# PyTerrier Notebook for Full-Rank Submissions

In [13]:
import os

# Detect if we are in the TIRA sandbox
# Install the required dependencies if we are not in the sandbox.
if 'TIRA_DATASET_ID' not in os.environ:
    !pip3 install python-terrier tira ir_datasets
    !apt-get install ping
else:
    print('We are in the TIRA sandbox.')
    

Reading package lists... Done
Building dependency tree       
Reading state information... Done
Package ping is a virtual package provided by:
  inetutils-ping 2:1.9.4-3ubuntu0.1
  iputils-ping 3:20161105-1ubuntu3
You should explicitly select one to install.

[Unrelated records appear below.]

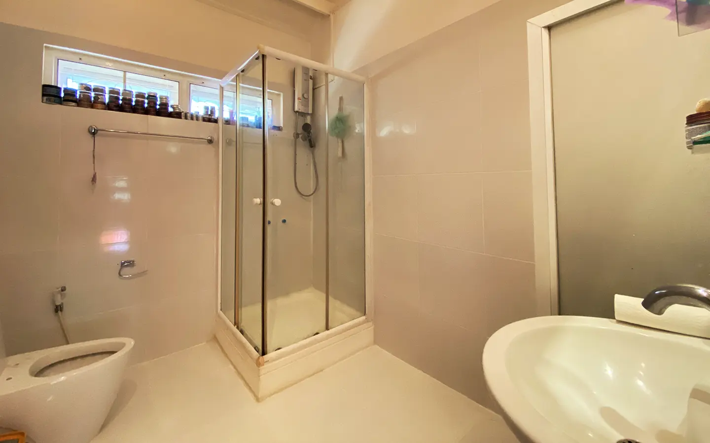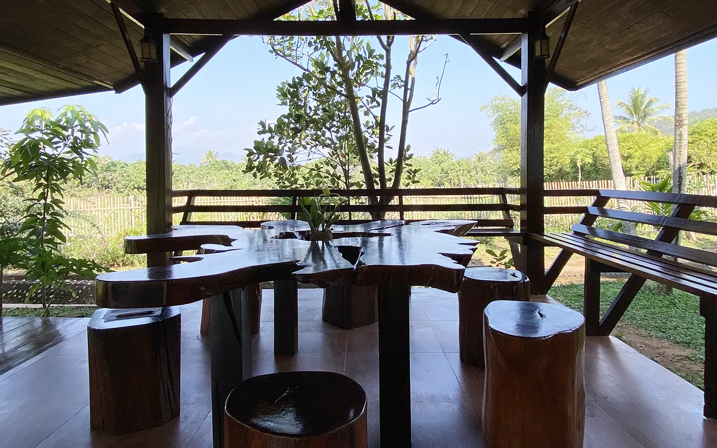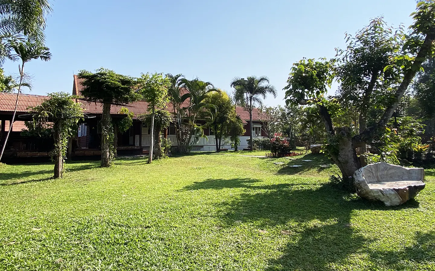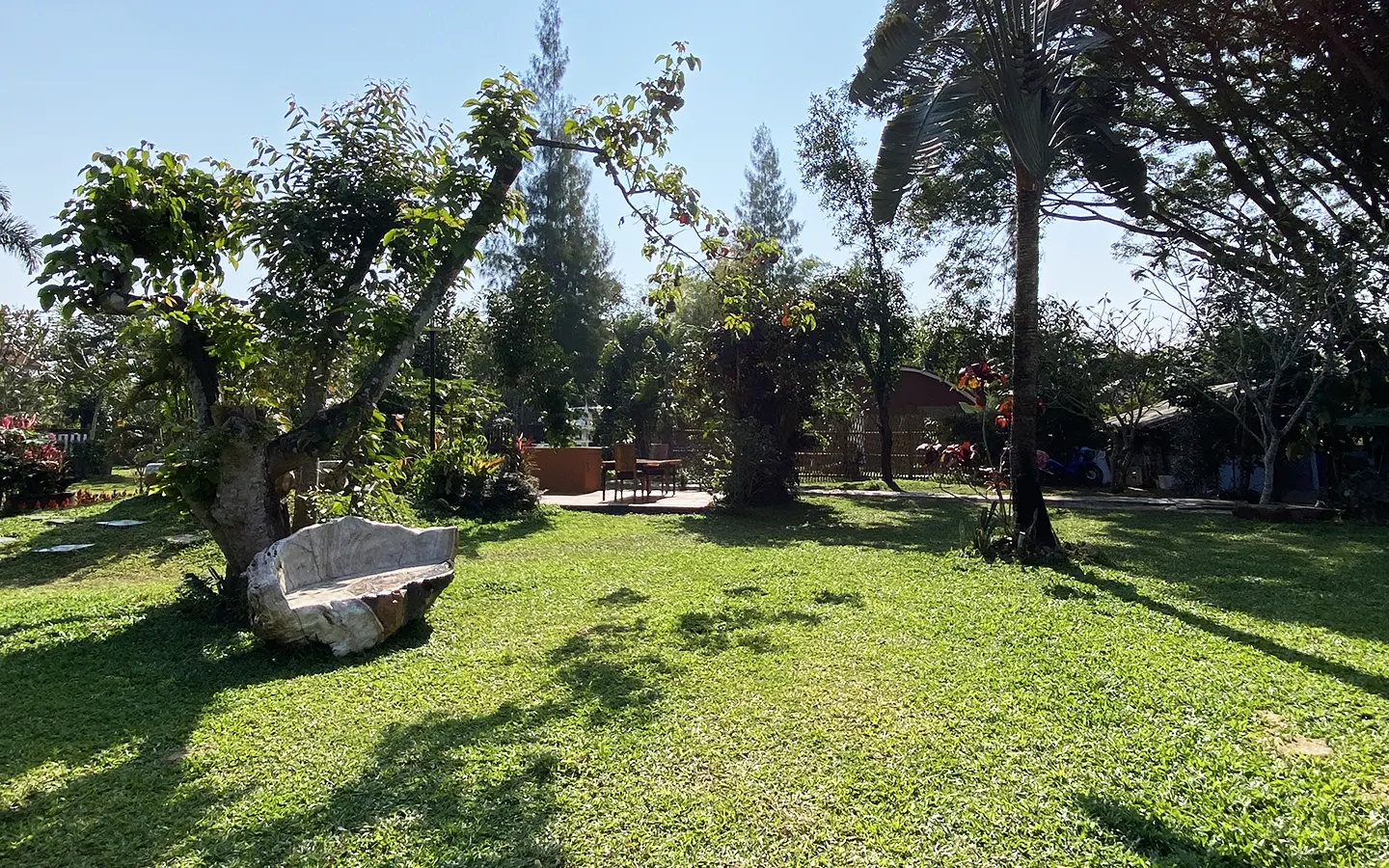 The spacious sitting area has a tall glass ceiling for natural light, on the right is the study, bedroom 1 and 2 share the guest bathroom and then it is the dining area. To the left of the sitting room is the master bedroom which comes with built-in wardrobes and ensuite with a jacuzzi and a separate shower. The bedrooms are nice and light with white wooden walls. A sliding door to the fully fitted Western kitchen has door access to the terrace. The large landscaped garden is well maintained with lawn, palm and other tropical trees and features a fish pond, a bridge and a cozy BBQ area. A small stream from the dam flows through the entire landscape.
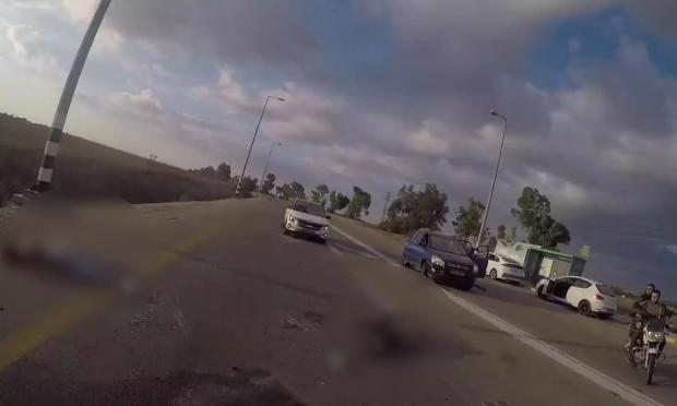 Το βίντεο έχει τραβηχτεί από την κάμερα που φοράει στη στρατιωτική στολή του ένας τρομοκράτης της Χαμάς. Οδηγώντας ένα μηχανάκι, πλησιάζει δύο σορούς γεμάτες αίματα που κείτονται στον δρόμο και ακούγεται να πανηγυρίζει!
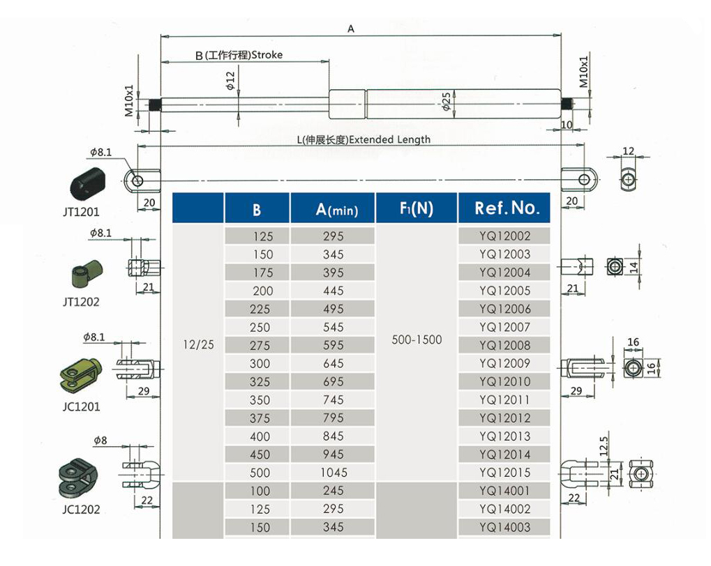 注:由于氣彈簧是非標(biāo)準(zhǔn)的,以上僅為型號(hào)的一部分。我們可以根據(jù)客戶的要求定制。
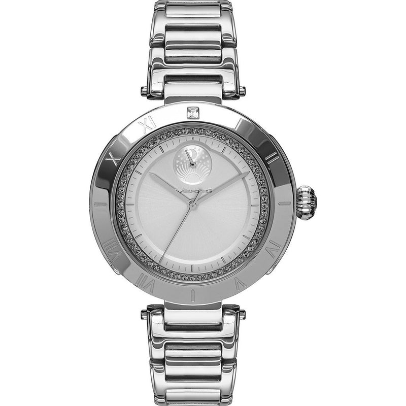- Stainless steel case includes etched Roman Numeral Bezel with 2mm Swarovski square stone
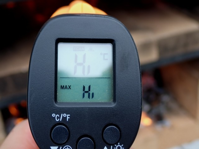木をいじりすぎたり入れすぎたり、色々ありましたが、いい具合に熱くなり、一時的には、500度まで測れる温度計がHi(計測不能)レベルに!
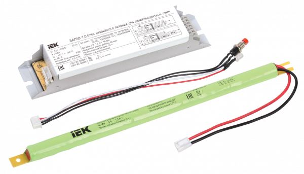 Блок аварийного питания IEK состоит из электронного пускорегулирующего аппарата (конвертера), герметичной никель-металл-гидридной аккумуляторной батареи, светодиодного индикатора наличия сети и подзарядки аккумулятора, кнопки "ТЕСТ".
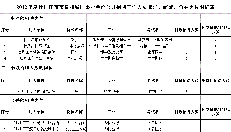 2013年度牡丹江市市直和城区事业单位公开招聘工作人员笔试已结束,经牡丹江市机关事业单位招聘工作领导小组研究,对通过笔试最低分数线的人数与招聘岗位人数比例未达到规定面试1:3比例,且不能进行缩减、合并、调剂的岗位予以取消;缩减或合并后仍达不到规定面试比例的进行调剂。具体事项公告如下:
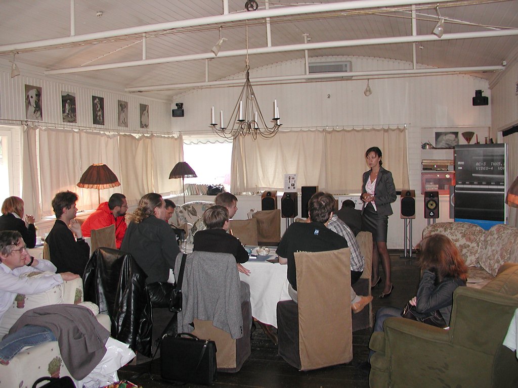 В продолжение чаепития гостям были розданы анкеты, в которых предлагалось ответить на десяток вопросов по истории и технологиям B&W. Вопросы были не самые простые, поэтому призы (фирменные рубашки с логотипом B&W и компакты с музыкой) нашли лишь двух героев, правильно ответивших почти на все вопросы. Остальные же дружно и от души посмеялись над ответами друг друга, благо Александра Иванова сжалилась (именно она сквозь смех зачитывала вслух ответы в анкетах) и не называла фамилий людей, над ответами которых дружно гоготало всё кафе.
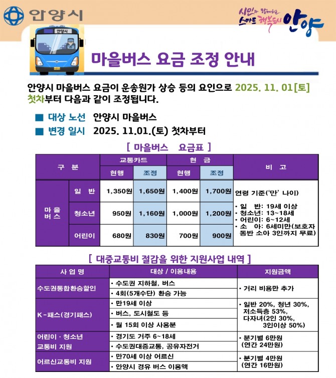 이미지 확대보기교통카드 기준으로 일반은 1,350원에서 1,650원으로 300원, 청소년은 950원에서 1,160원으로 210원, 어린이는 680원에서 830원으로 150원 오른다. 이번 조정은 안양시 관할 전 노선에 일괄 적용된다.
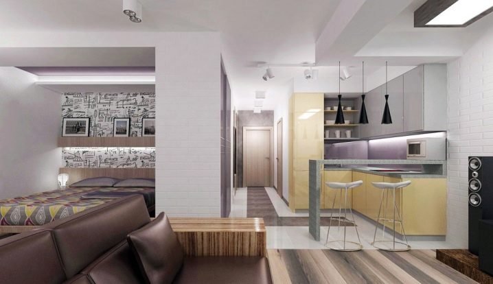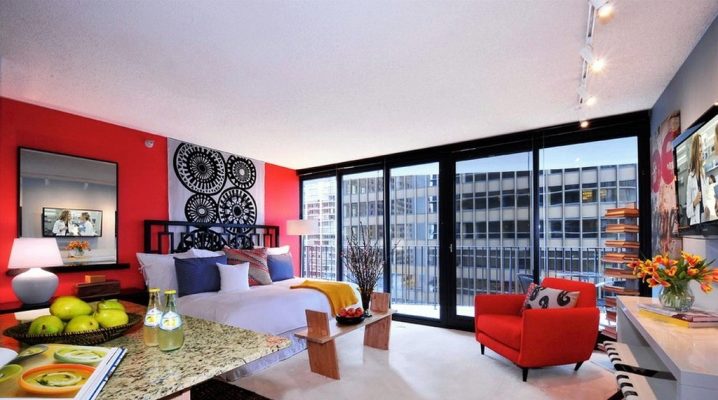 وبالتحديد ، حيث ستكون هناك غرفة طعام ومطبخ ، حيث توجد منطقة للترفيه واستقبال الضيوف ، وأين توجد منطقة النوم ، وأين منطقة العمل. بعد ذلك ، يجب عليك تحديد نظام الألوان المخطط لهذا المسكن. إذا كان زوجان شابان يعيشان في شقة استوديو ، فسيكونان سعداء بالتصميم الملون والجريء للجدران والأرضية ، مما يعكس حالتهما الداخلية ومزاجهما..
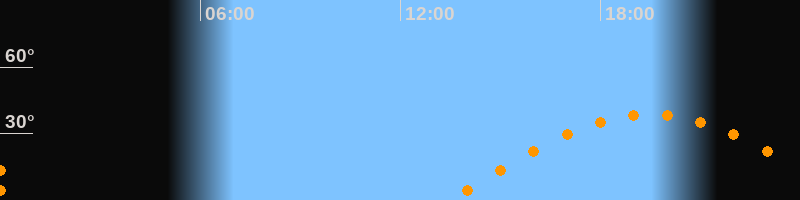 | Aufgang | 13:29 Uhr im Osten (αAz = 90,1°) |
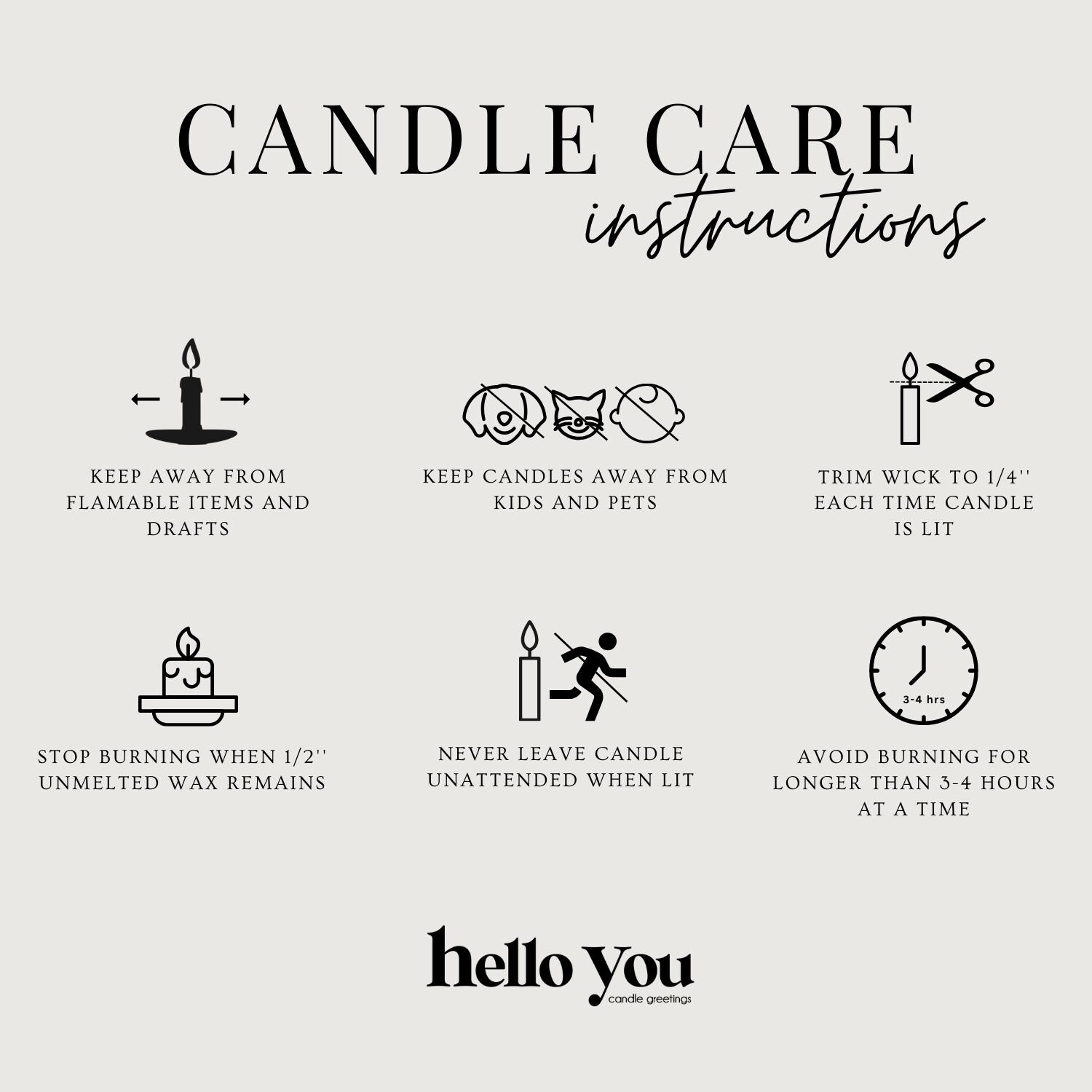 Keep burning candles within sight. Keep away from children and pets. Never burn near flammable items.
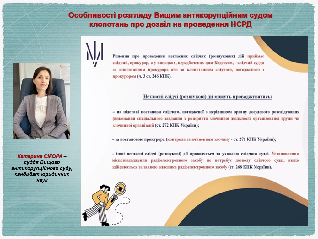 Під час виступу суддя Вищого антикорупційного суду, кандидатка юридичних наук Катерина Сікора звернула увагу слухачів на особливості розгляду Вищим антикорупційним судом клопотань про дозвіл на проведення НСРД.
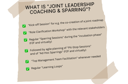 In order to avoid problems to occur only then, it is good practice for "Joint Leadership Teams" to have external sparring partners along the process: Before starting, while collaborating (to continuously calibrate and learn) and at the end to secure lessons learned for themselves and for their organisation.
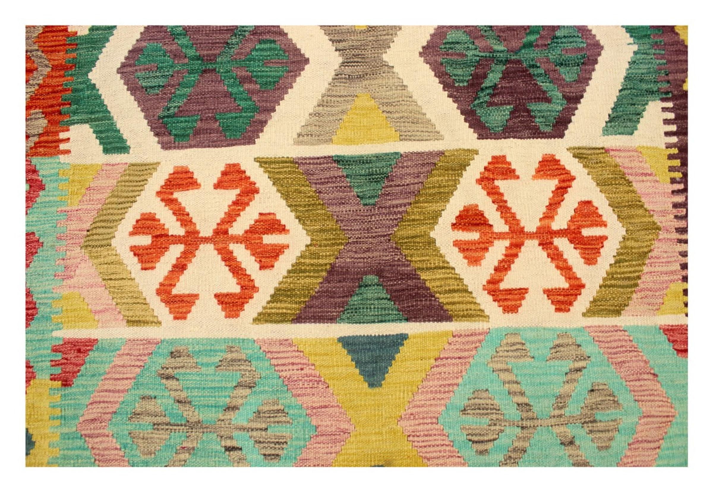 This Kilim Afghan rug has beautiful colors. It is handmade from fine wool. These patterns are traditional design elements that have already been used centuries ago. This particular kilim has been woven by hand in Afghanistan, a country with a long history in weaving and knotting rugs. The rug is robust and can be laid out on both sides.

E: Package 'ping' has no installation candidate


In [2]:
from tira.third_party_integrations import ir_datasets, ensure_pyterrier_is_loaded, persist_and_normalize_run

# this loads and starts pyterrier so that it also works in the TIRA
ensure_pyterrier_is_loaded()

# PyTerrier must be imported after the call to ensure_pyterrier_is_loaded in TIRA.
import pyterrier as pt

# For more detiled outputs
import logging
logging.basicConfig(level=logging.DEBUG)

Start PyTerrier with version=5.7, helper_version=0.0.7, no_download=True


PyTerrier 0.9.2 has loaded Terrier 5.7 (built by craigm on 2022-11-10 18:30) and terrier-helper 0.0.7

No etc/terrier.properties, using terrier.default.properties for bootstrap configuration.


In [3]:
data = ir_datasets.load('cranfield')

In [4]:
print([i for i in data.queries_iter()][:3])

[INFO] [starting] http://ir.dcs.gla.ac.uk/resources/test_collections/cran/cran.tar.gz
[INFO] [finished] http://ir.dcs.gla.ac.uk/resources/test_collections/cran/cran.tar.gz: [00:00] [507kB] [2.07MB/s]
                                                                                               

[GenericQuery(query_id='1', text='what similarity laws must be obeyed when constructing aeroelastic models\nof heated high speed aircraft .'), GenericQuery(query_id='2', text='what are the structural and aeroelastic problems associated with flight\nof high speed aircraft .'), GenericQuery(query_id='4', text='what problems of heat conduction in composite slabs have been solved so\nfar .')]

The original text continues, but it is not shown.